**Work instruction**: Omit all pictures. Print the remaining lines exactly, from the start of the data through the line containing "This gorgeous bath".

**Supplied material**:
+++

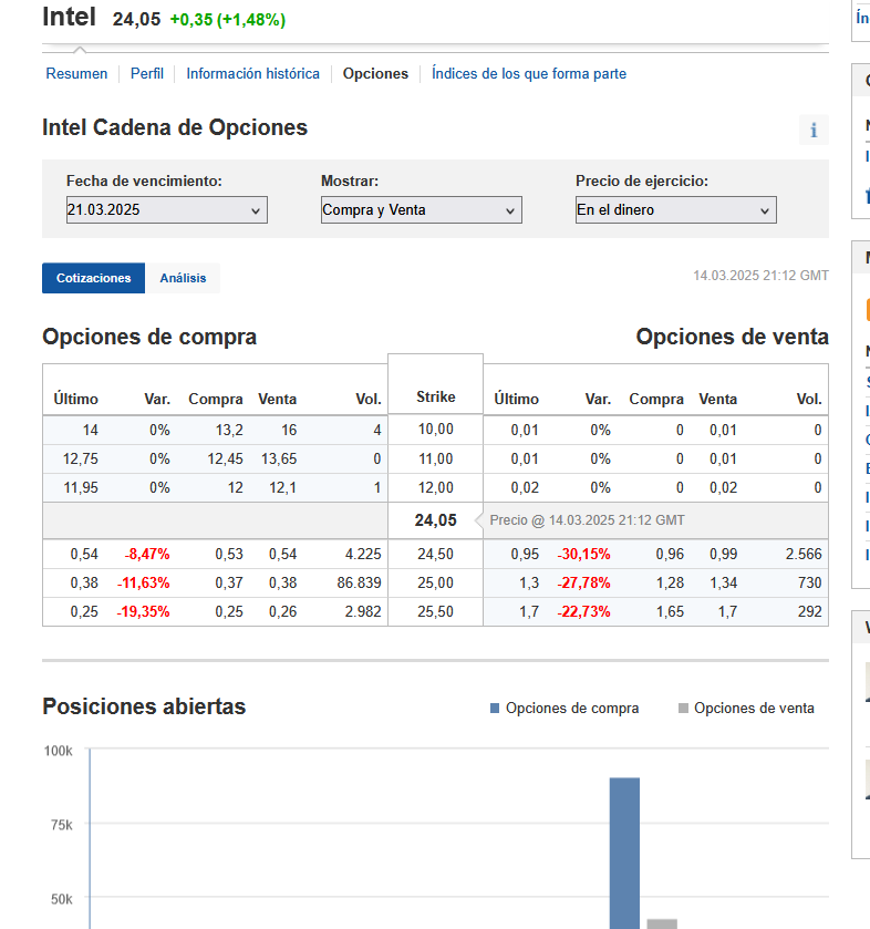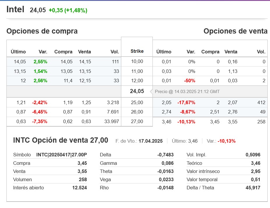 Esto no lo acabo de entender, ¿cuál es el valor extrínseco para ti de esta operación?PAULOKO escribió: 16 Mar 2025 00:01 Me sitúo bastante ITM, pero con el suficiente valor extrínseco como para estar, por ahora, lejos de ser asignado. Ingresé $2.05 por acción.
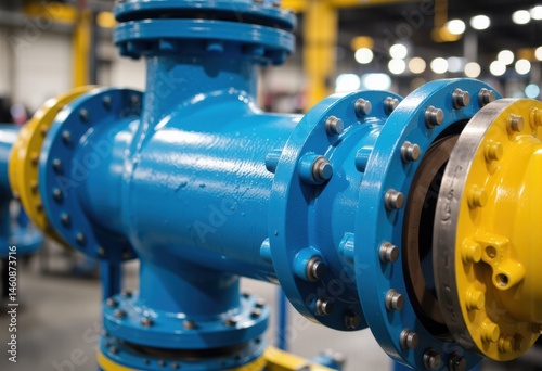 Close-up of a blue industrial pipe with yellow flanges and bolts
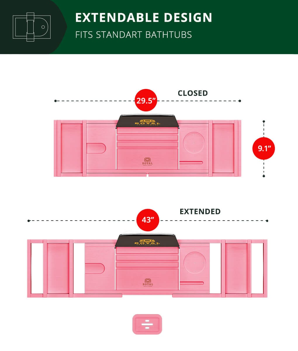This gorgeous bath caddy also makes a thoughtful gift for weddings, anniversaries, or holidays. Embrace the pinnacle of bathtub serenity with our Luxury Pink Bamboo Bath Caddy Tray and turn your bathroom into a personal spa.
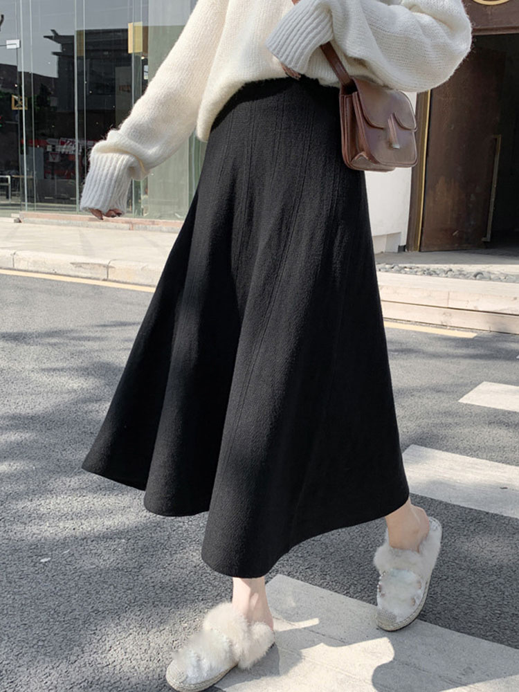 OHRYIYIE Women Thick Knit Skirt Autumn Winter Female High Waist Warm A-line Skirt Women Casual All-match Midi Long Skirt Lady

+++

**Solution to the exercise**:
 Esto no lo acabo de entender, ¿cuál es el valor extrínseco para ti de esta operación?PAULOKO escribió: 16 Mar 2025 00:01 Me sitúo bastante ITM, pero con el suficiente valor extrínseco como para estar, por ahora, lejos de ser asignado. Ingresé $2.05 por acción.
 Close-up of a blue industrial pipe with yellow flanges and bolts
This gorgeous bath caddy also makes a thoughtful gift for weddings, anniversaries, or holidays. Embrace the pinnacle of bathtub serenity with our Luxury Pink Bamboo Bath Caddy Tray and turn your bathroom into a personal spa.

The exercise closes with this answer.